* _WHAT YOU SHOULD DO_
In the entries below, find the line with "トイレ 4点セット 「SDS" and the line with "哎呀,这个世界,时不时就能冒"; copy them and every line between them exactly, but not the pictures.

* _DATA_
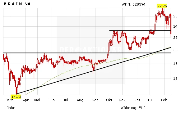 Ein schwacher Start im ersten Quartal des laufenden Geschäftsjahres 2017/18 hat die Aktie der BRAIN AG am Donnerstag kräftig auf Talfahrt geschickt. Mehr als zwölf Prozent verliert das Papier am Nachmittag auf 22,80 Euro. Wie BRAIN mitteilte, wir die erwartete Umsatzsteigerung gegenüber dem Vorjahresquartal nicht erreicht werden können. Demnach wird der Konzernumsatz im ersten Quartal 2017/18 voraussichtlich einen Wert von 5,3 Millionen Euro erreichen und damit 13,1 Prozent unter dem Vorjahreswert von 6,1 Millionen Euro liegen. Die Gesamtleistung im ersten Quartal 2017/18 wird voraussichtlich mit einem Wert von 6,0 Millionen Euro um etwa 8,7 Prozent den Vorjahreswert verfehlen.
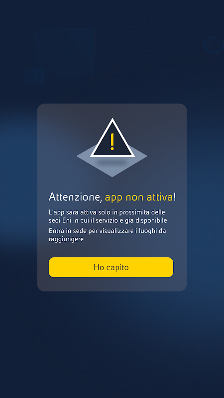 A app apresenta um menu de pontos de pesquisa que podem ser identificados dentro de um edifício Eni (escritórios abrangidos pelo serviço: escritório na via Milano)
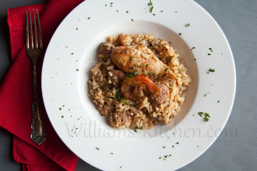 - 1 1/2 pounds andouille sausage, cut into 1/2-inch cubes
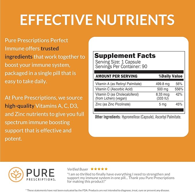 Perfect Immune Support Supplement with Vitamin C and D Plus Zinc and Vitamin A, 4 in 1 Immune Booster Vitamin Supplement, USA Made, GMO Free, Gluten Free, Veg Capsules - 60 Count
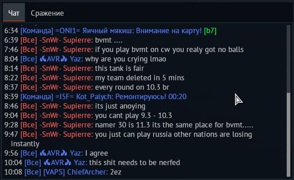 >играешь на личный результат >мовес >37% побед >КВ 7 >вся команда померла 3 минуты назад точке С один он отстреливается МАМ СМАРИ Я КИБЕРСПОРТСМЕН МАМ
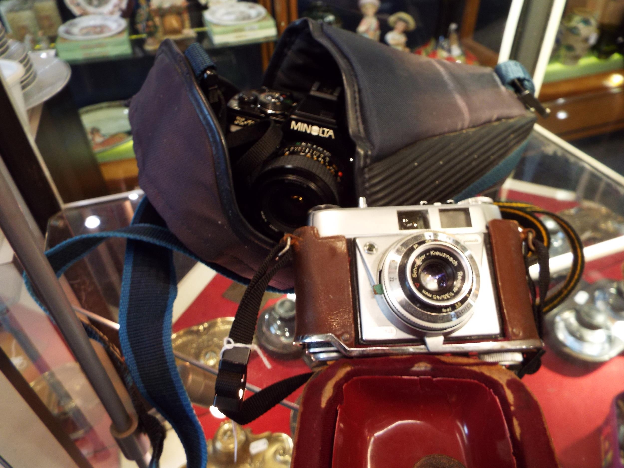 A vintage Minolta X-700 with 1:2.8 28mm lens, an MD 135mm lens and a vintage Kodak Retinette camera
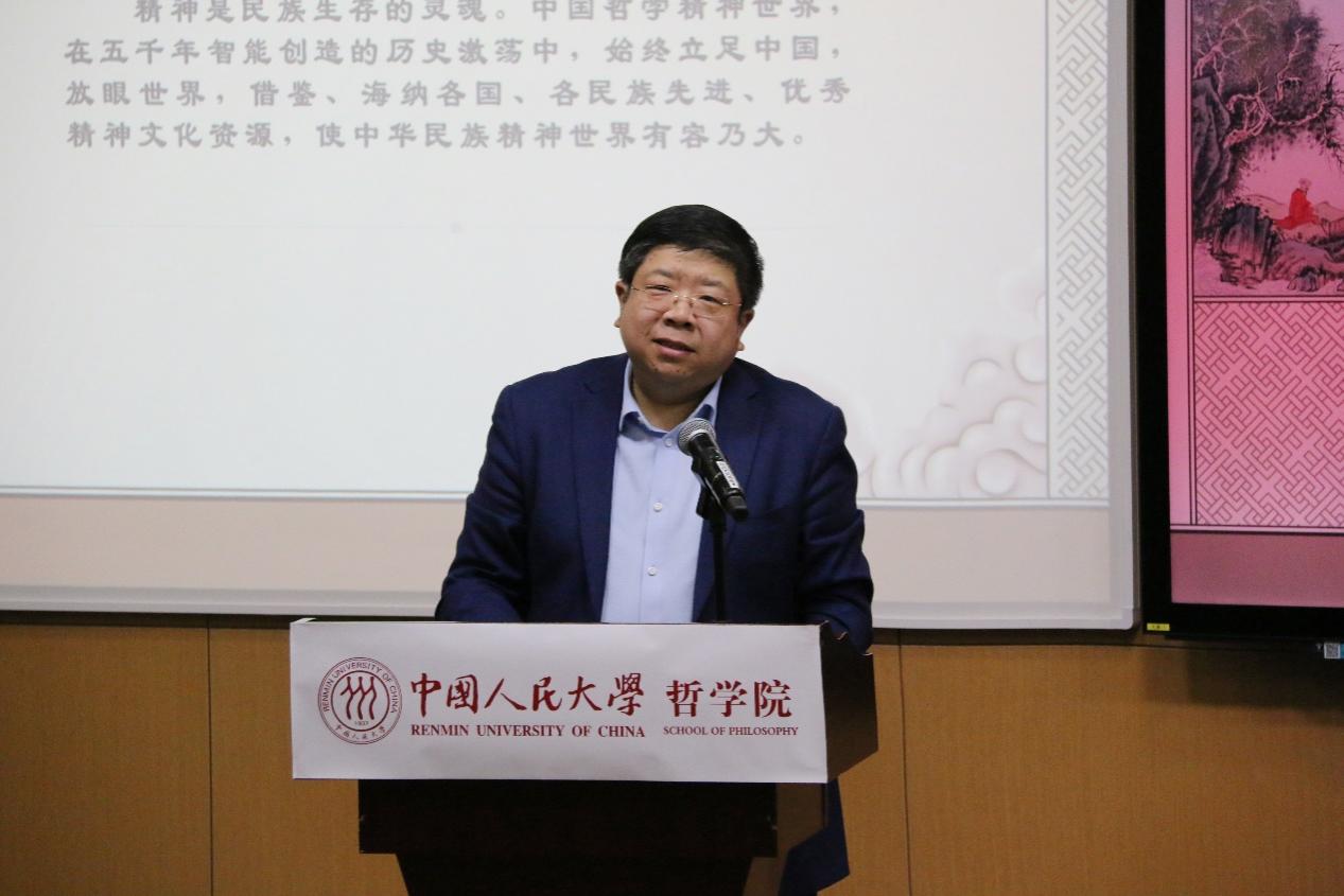 臧峰宇教授在主持讲座时指出,通过对精神的追问、精神世界的形成、哲学精神世界、中西精神世界差分四个方面的深入阐释,著名哲学家张立文先生深刻揭示了中华民族精神的内在结构。从中可见,中国哲学具有极高明的哲学理论思维,尽精湛的宏伟精神世界。中国哲学精神世界是在五千年历史实在中创造的诸形相、无形相逻辑地联通、凝聚而成的和合体。希望同学们深刻理解张老师讲座中的思想要义,认真思考马克思主义哲学同中国具体实际和中华优秀传统文化相结合的内在机理,自觉弘扬跨越时空、富有永恒魅力和当代价值的中华优秀传统文化,探究符合时代精神的古为今用和推陈出新。
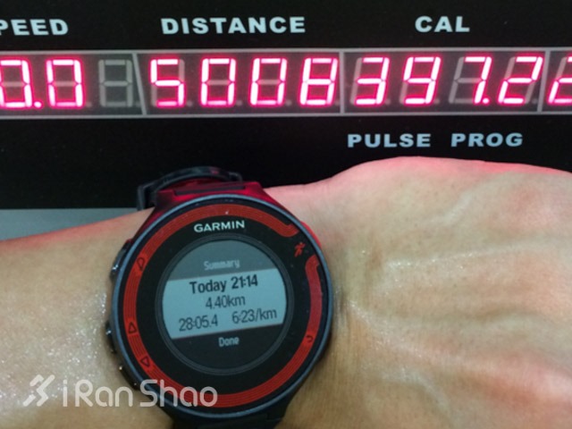 四、跑步机:由于220内置加速度传感器,可记录室内训练信息,笔者就此在跑步机(5km)上测试,但跑完显示的数据误差较大。
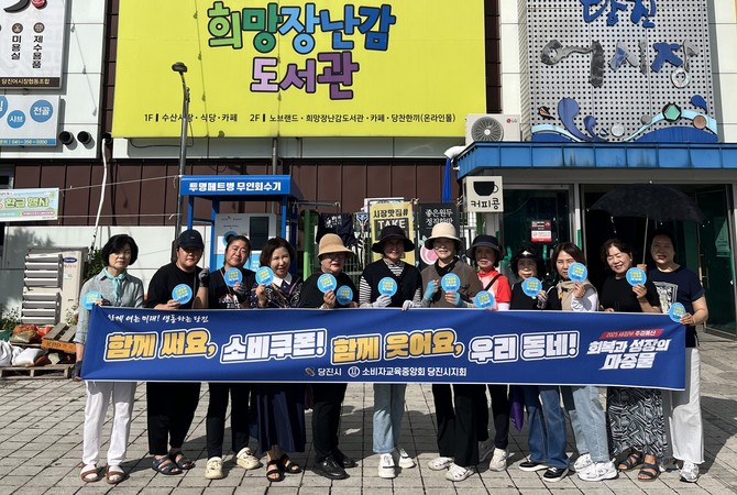 이번 캠페인에는 당진시 민생회복 소비쿠폰 T/F팀과 소비자교육중앙회 당진시지회 회원 등 20여 명이 참여했다. 참가자들은 소비쿠폰 사용을 독려하고, 소비쿠폰 사용처 스티커가 미부착된 업체를 대상으로 스티커를 배부하며 전통시장 이용 활성화에 나섰다.
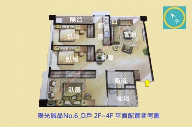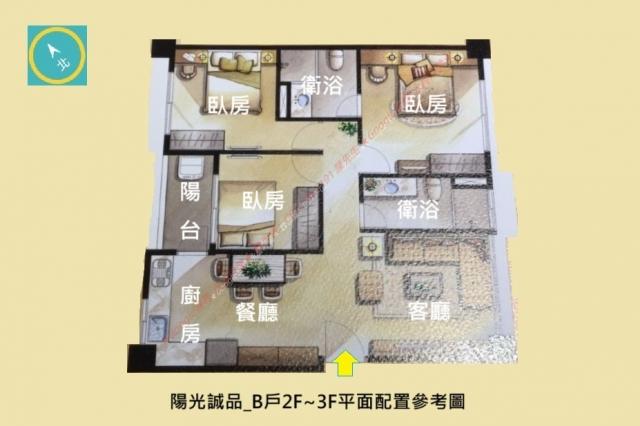 - 格局: 3房(室) 2廳 2衛 1陽台 1廚房
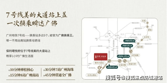 保利珺悦府地处地铁7号线美的大道站D出口,交通极为便捷。从这里出发,仅需8站即可到达广州南站,快速连接番禺万博、汉溪长隆、广州大学城等地。此外,通过1站换乘佛山地铁3号线,可直达佛山副中心大良、佛山新城、季华商圈等重要区域。双地铁交汇的优势,使得出行更加灵活高效。
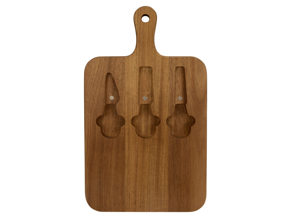 | Комплектность | разделочная доска 21,5 х 37,3 х 2 см, нож листовидный 11,2 см, нож-лопатка для мягкого сыра 12,2 см, вилка 12,3 см |
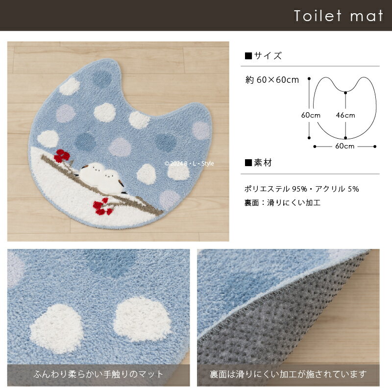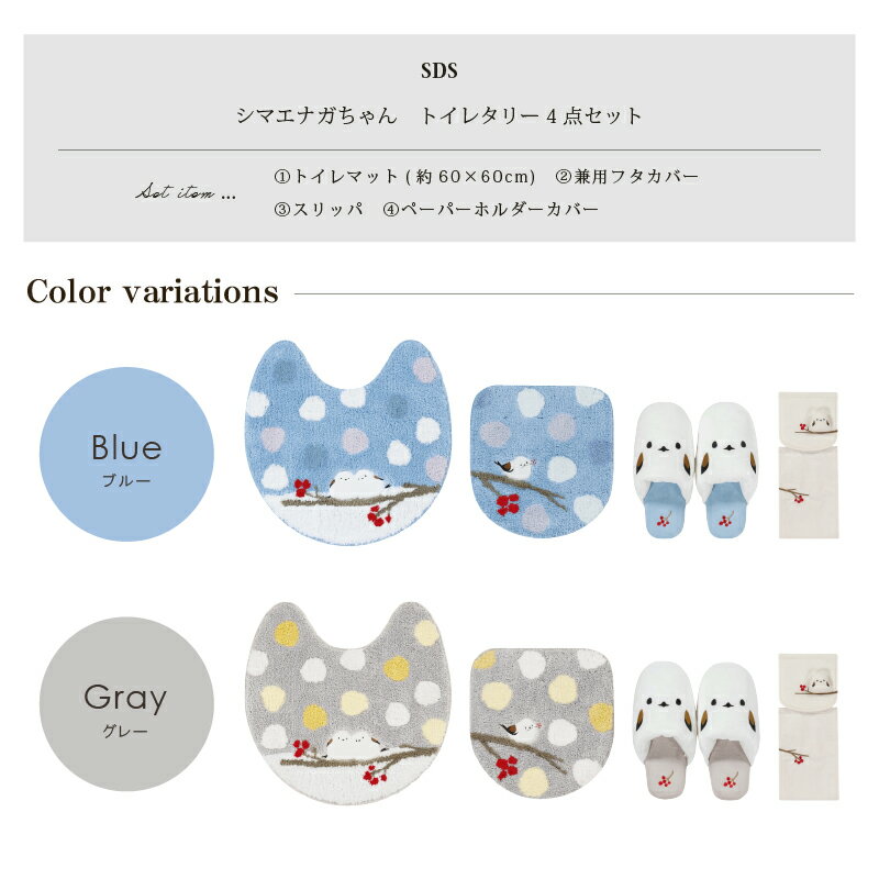トイレ 4点セット 「SDS シマエナガちゃん」( トイレマット /60×60cm 兼用フタカバー スリッパ ペーパーホルダーカバーN )[ トイレカバー セット シマエナガ 可愛い かわいい 鳥 グッズ トイレタリー 洗える トイレ用品 滑り止め ]24AW ブルー グレー
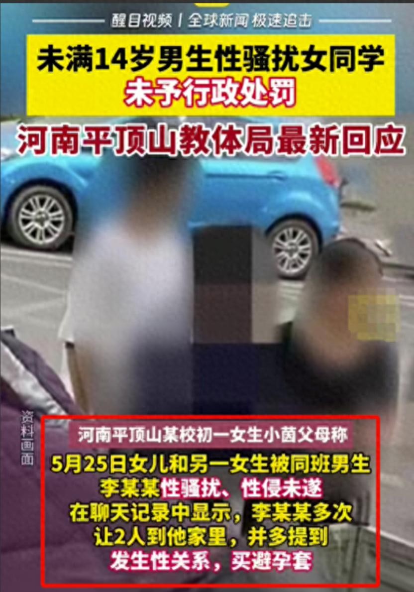 哎呀,这个世界,时不时就能冒出些让人啼笑皆非的事情。河南平顶山一初一男生性骚扰女同学的闹剧,竟然因为男生年纪未满14岁,被免于行政处罚,只是一声警告给了他的监护人。
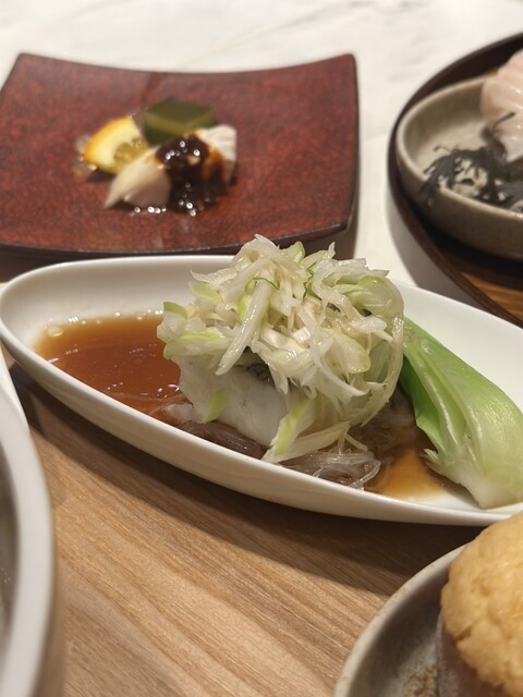 セットには、点心2種、鮮魚蒸し、前菜3種盛りが付き、ランチとしてはかなり豪華。特に「エビ蒸し餃子」は大ぶりのエビをもちもちの皮で包んだ逸品。もう一つの点心はメロンパンの中からチャーシューが現れるという驚きの組み合わせで、甘味と塩味のバランスが絶妙でした。
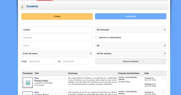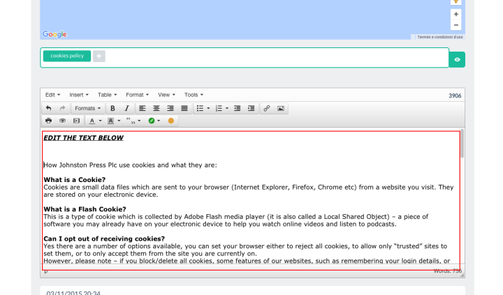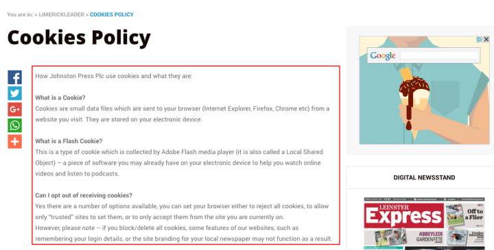 search for the cookie policy content
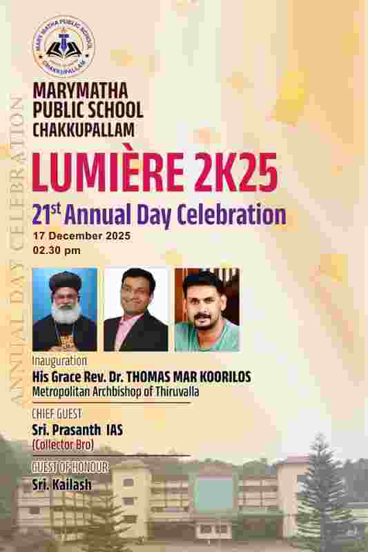 Marymatha Public School, Chakkupallam, is delighted to announce its Annual Day Celebration, “LUMIERE,” to be held on 17 December 2025.
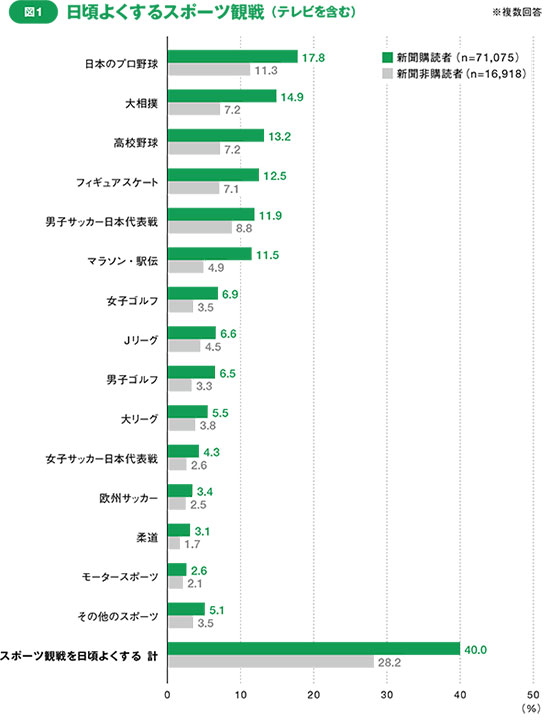 「日頃よくする」と答えた人の割合を、新聞購読者と非購読者で集計した結果が図1である。新聞購読者が日頃よくするスポーツ観戦のトップ3は「日本のプロ野球」17. 8%、「大相撲」14.9%、「高校野球」13.2%となった。これらは非購読者との差も大きい。新聞購読者と非購読者を比較すると、新聞購読者の方がすべてのジャンルでスコアが高いことが分かる。
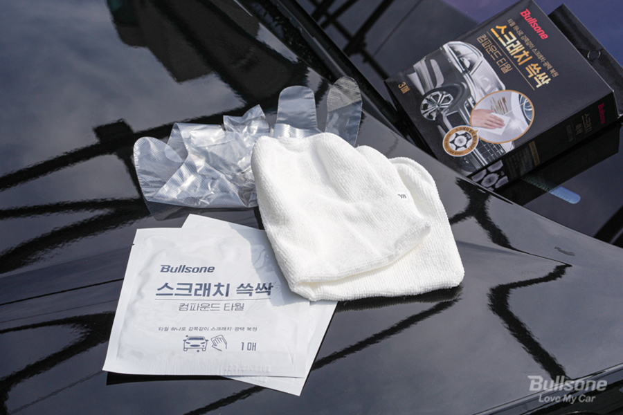 불스원 스크래치 쓱싹 컴파운드는 타월로 구성되어 있어 휴대하기가 굉장히 편해서, 트렁크 같은 수납공간에 보관하고 다니시면 비상 순간에 사용할 수 있습니다. 여러 번 작업을 해야 하는 일반적인 컴파운드와 달리, 타월로 문지르기만 해 주면 흠집 복원은 물론 광택에 발수코팅까지 해주기 때문에 굉장히 편하게 사용할 수 있고 순식간에 차량을 깨끗하게 복원시킬 수 있습니다.

* _ANSWER SECTION_
トイレ 4点セット 「SDS シマエナガちゃん」( トイレマット /60×60cm 兼用フタカバー スリッパ ペーパーホルダーカバーN )[ トイレカバー セット シマエナガ 可愛い かわいい 鳥 グッズ トイレタリー 洗える トイレ用品 滑り止め ]24AW ブルー グレー
 哎呀,这个世界,时不时就能冒出些让人啼笑皆非的事情。河南平顶山一初一男生性骚扰女同学的闹剧,竟然因为男生年纪未满14岁,被免于行政处罚,只是一声警告给了他的监护人。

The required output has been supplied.